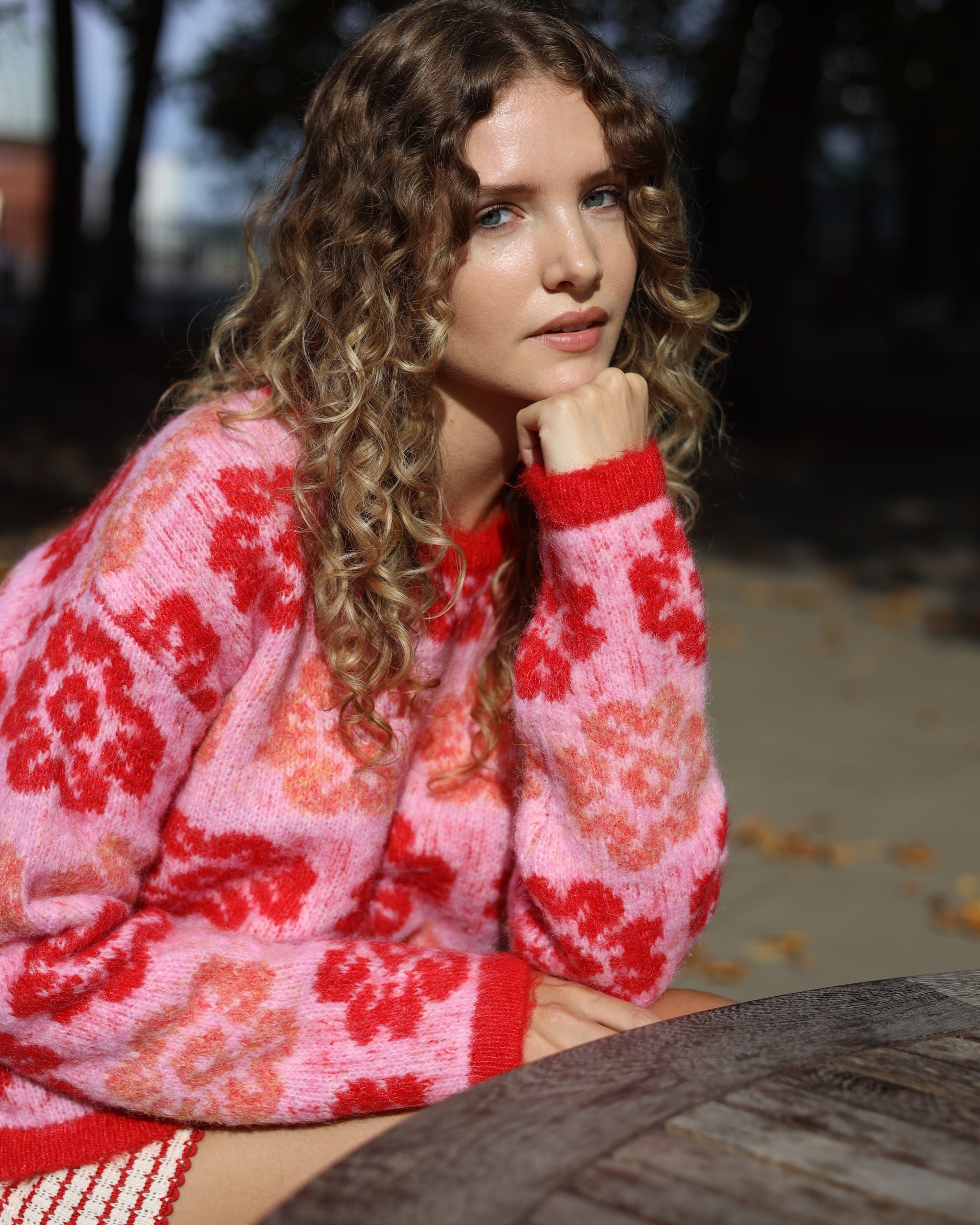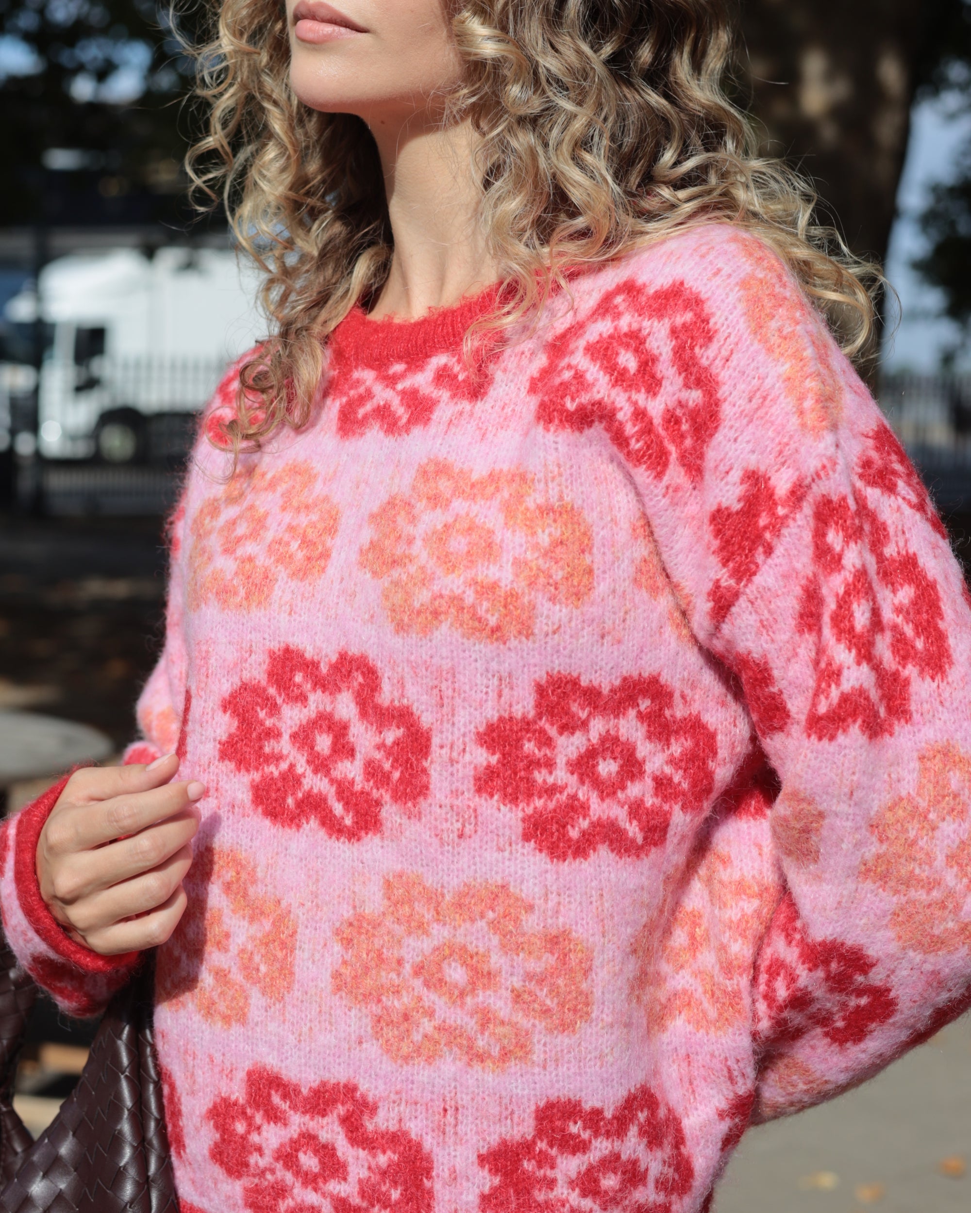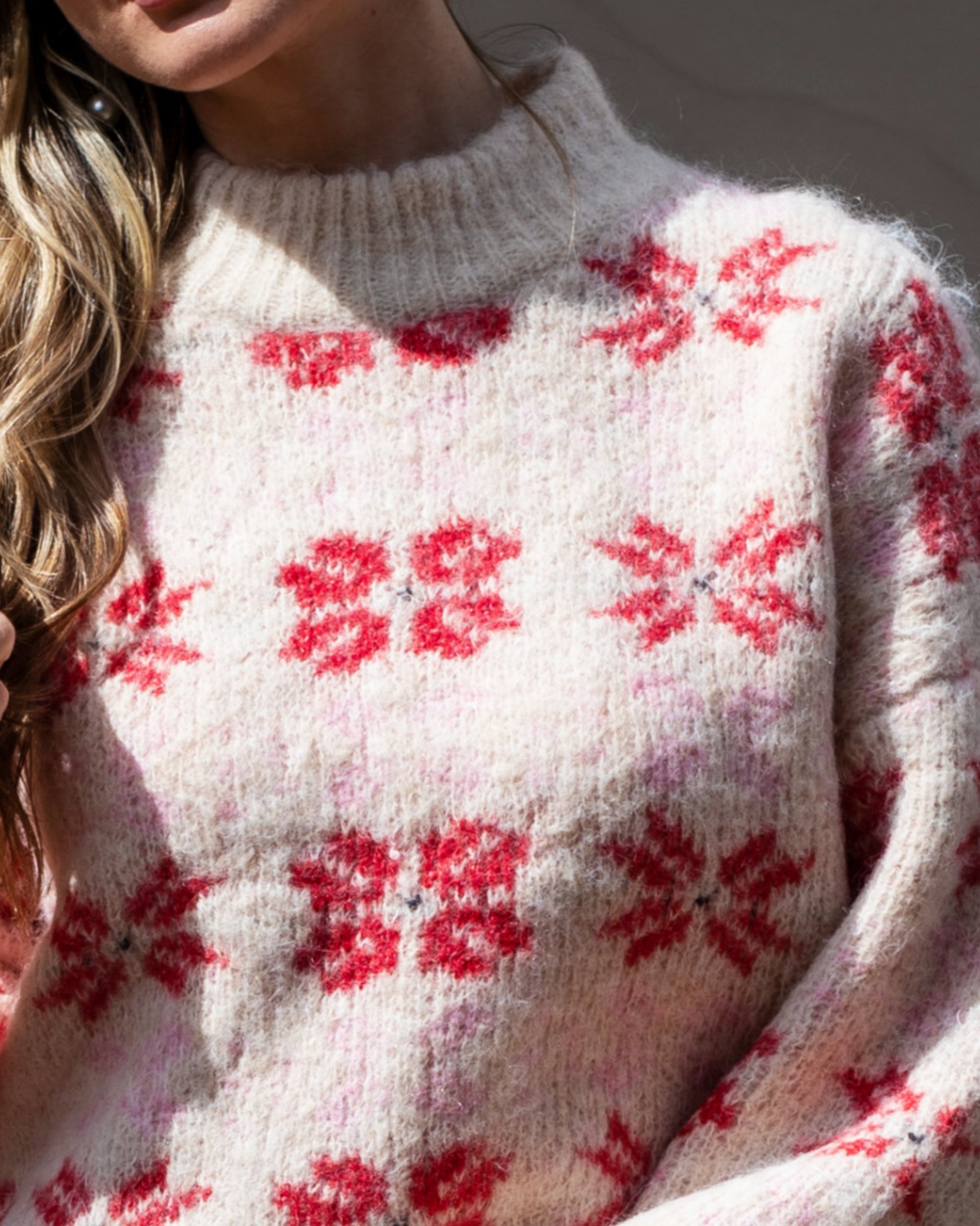 Classic & Cozy Snowflake Knit Jumper in Pink
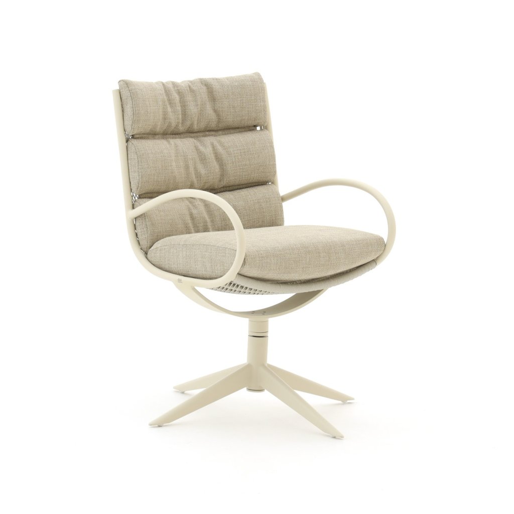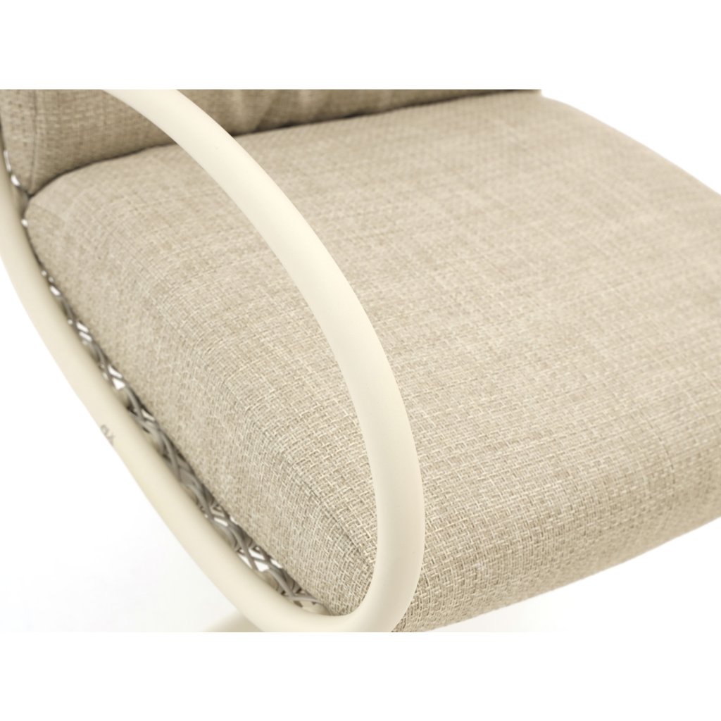Součástí židle jsou pohodlné polštáře Bee Wett®, které jsou navrženy pro venkovní použití. Materiál rychle schne, odolává vlhkosti a poskytuje vysoký komfort i při delším sezení. Polštáře v odstínu Cotton Flower podtrhují celkový světlý a elegantní vzhled židle.
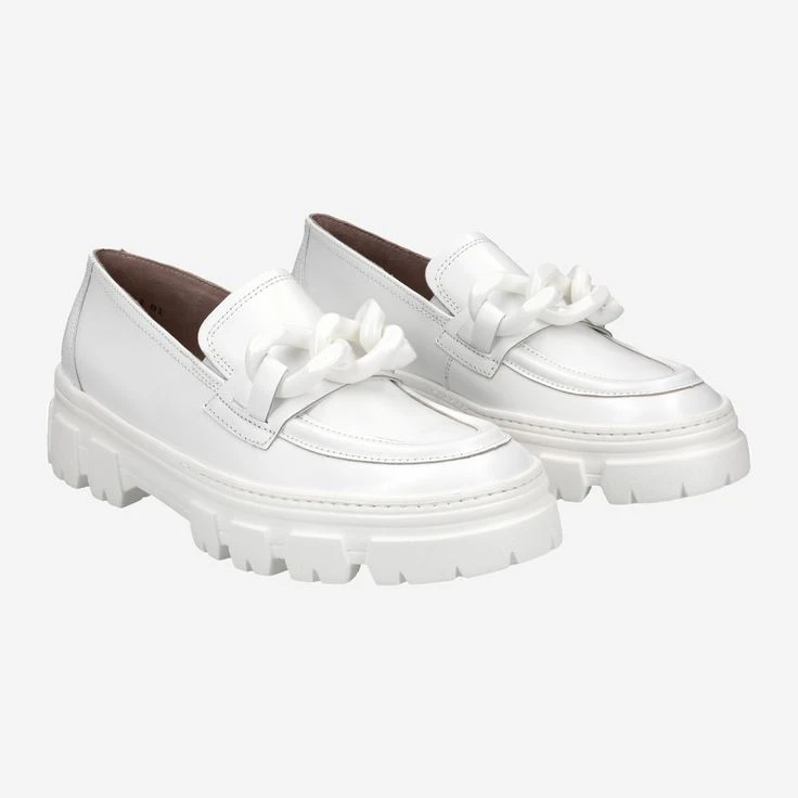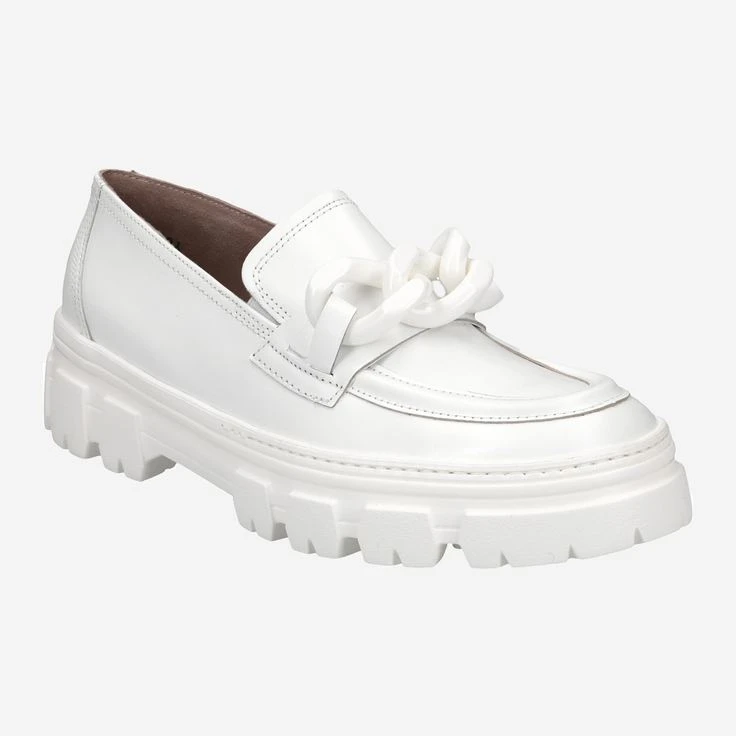 Fashionistas love these SUPER SOFT loafers from Paul Green. Made of soft smooth leather in white, this popular trendsetter has a sporty and pithy look that will suit any wardrobe. The bulky synthetic chain has been tonally matched to the leather for a simply casual look. The matching progressive outsole makes walking a pure pleasure. A casual loafer with a cool shell and a soft core! Paul Green makes shoes with great passion and mastery, expressed in perfection, quality, style and fit. The result: a unique, uplifting wearing experience! The Paul Green effect.
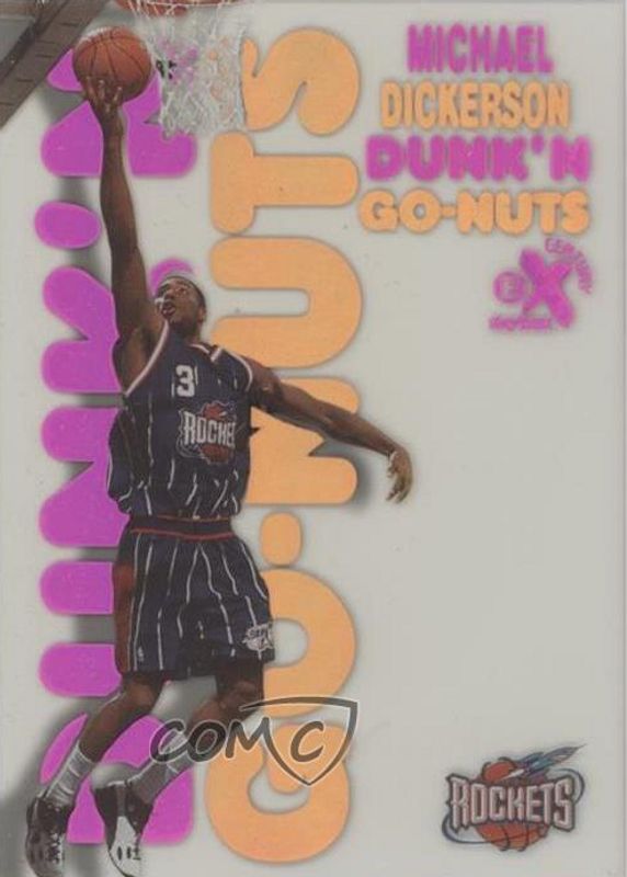 Michael Dickerson's Basketball cards are available in at least 52 sets. Michael Dickerson's biggest 7-day price movers are 1998 Skybox E-X Century #18DG Dunk 'N Go-Nuts, 1998 Skybox E-X Century #70 Essential Credentials Future (/21), and 1998 Skybox E-X Century #70 Essential Credentials Now (/70).
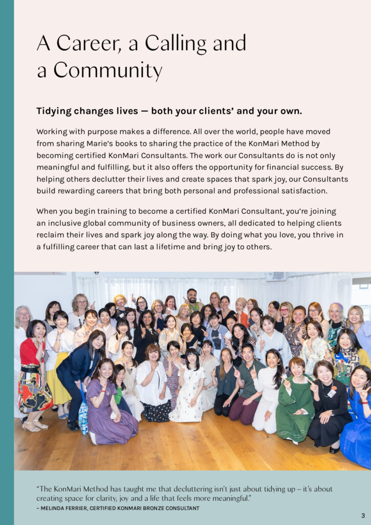 - Quarterly “CIT Salons” – live, interactive sessions exclusively for Consultants-in- Training and hosted by a certified KonMari
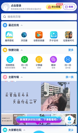 2、支持查看最近安装的应用,另外像视频壁纸、扫一扫、计算器、翻译这些快捷功能也都已完成归类;
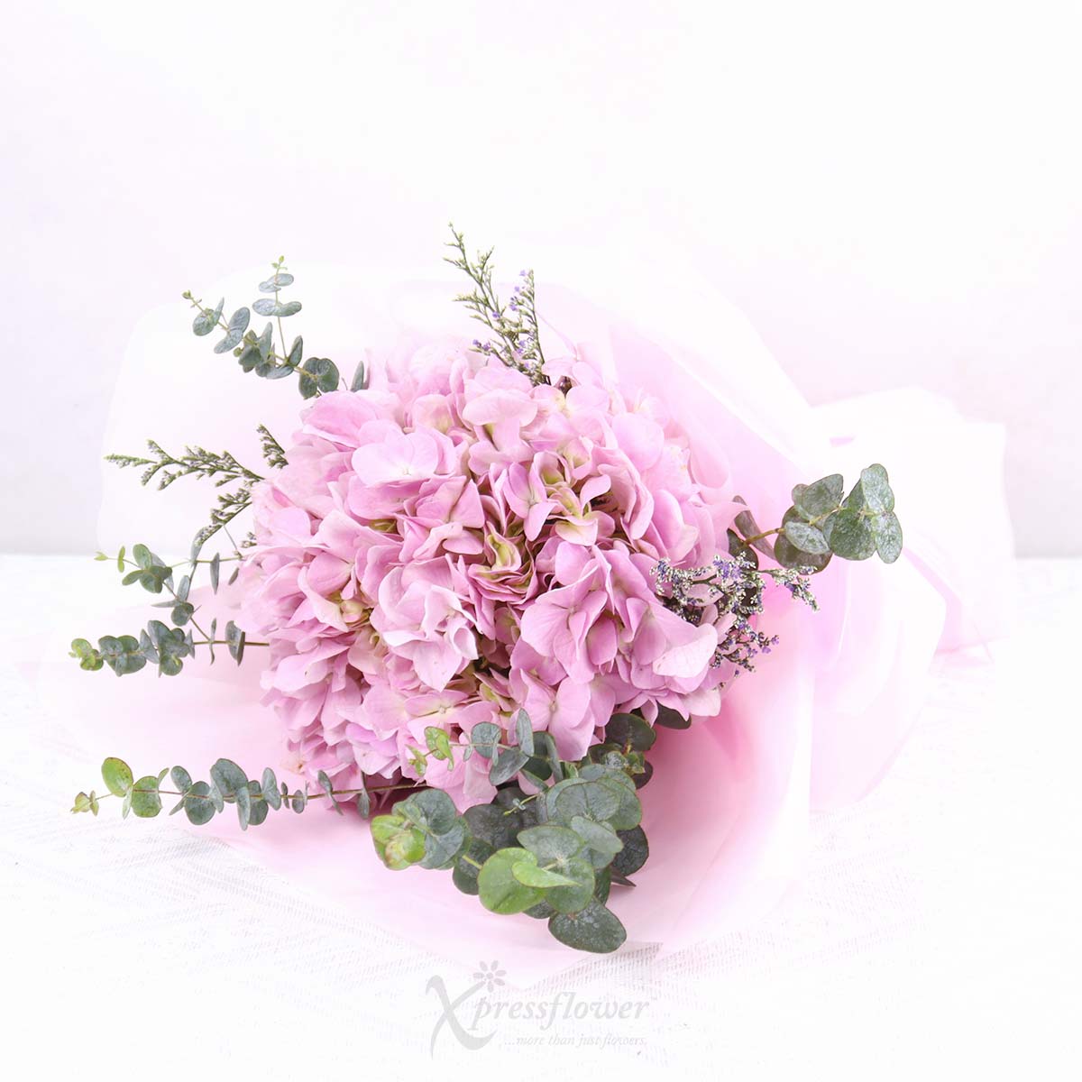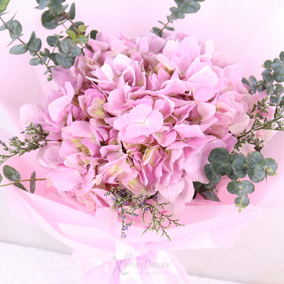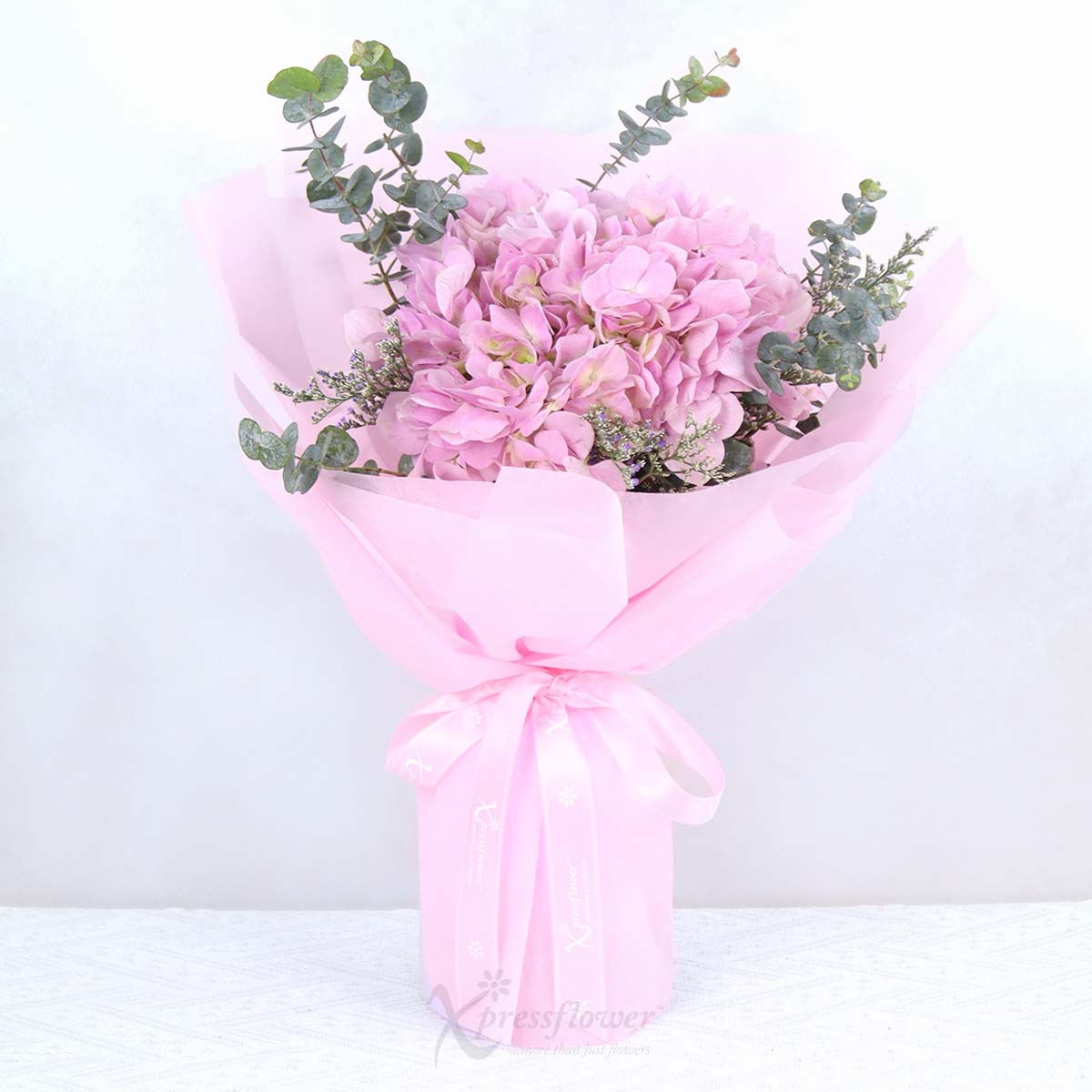 Delicate yet full of meaning, this soft pink hydrangea bouquet is paired with blue misty and eucalyptus for a touch of calm. Wrapped in gentle pink, it’s perfect for expressing love, romance, or simply a heartfelt gesture to someone special.

§ **YOUR GOAL**
Your copy should match the entries exactly, minus the pictures.

§ **ANSWER BOX**
 Classic & Cozy Snowflake Knit Jumper in Pink
Součástí židle jsou pohodlné polštáře Bee Wett®, které jsou navrženy pro venkovní použití. Materiál rychle schne, odolává vlhkosti a poskytuje vysoký komfort i při delším sezení. Polštáře v odstínu Cotton Flower podtrhují celkový světlý a elegantní vzhled židle.
 Fashionistas love these SUPER SOFT loafers from Paul Green. Made of soft smooth leather in white, this popular trendsetter has a sporty and pithy look that will suit any wardrobe. The bulky synthetic chain has been tonally matched to the leather for a simply casual look. The matching progressive outsole makes walking a pure pleasure. A casual loafer with a cool shell and a soft core! Paul Green makes shoes with great passion and mastery, expressed in perfection, quality, style and fit. The result: a unique, uplifting wearing experience! The Paul Green effect.
 Michael Dickerson's Basketball cards are available in at least 52 sets. Michael Dickerson's biggest 7-day price movers are 1998 Skybox E-X Century #18DG Dunk 'N Go-Nuts, 1998 Skybox E-X Century #70 Essential Credentials Future (/21), and 1998 Skybox E-X Century #70 Essential Credentials Now (/70).
 - Quarterly “CIT Salons” – live, interactive sessions exclusively for Consultants-in- Training and hosted by a certified KonMari
 2、支持查看最近安装的应用,另外像视频壁纸、扫一扫、计算器、翻译这些快捷功能也都已完成归类;
 Delicate yet full of meaning, this soft pink hydrangea bouquet is paired with blue misty and eucalyptus for a touch of calm. Wrapped in gentle pink, it’s perfect for expressing love, romance, or simply a heartfelt gesture to someone special.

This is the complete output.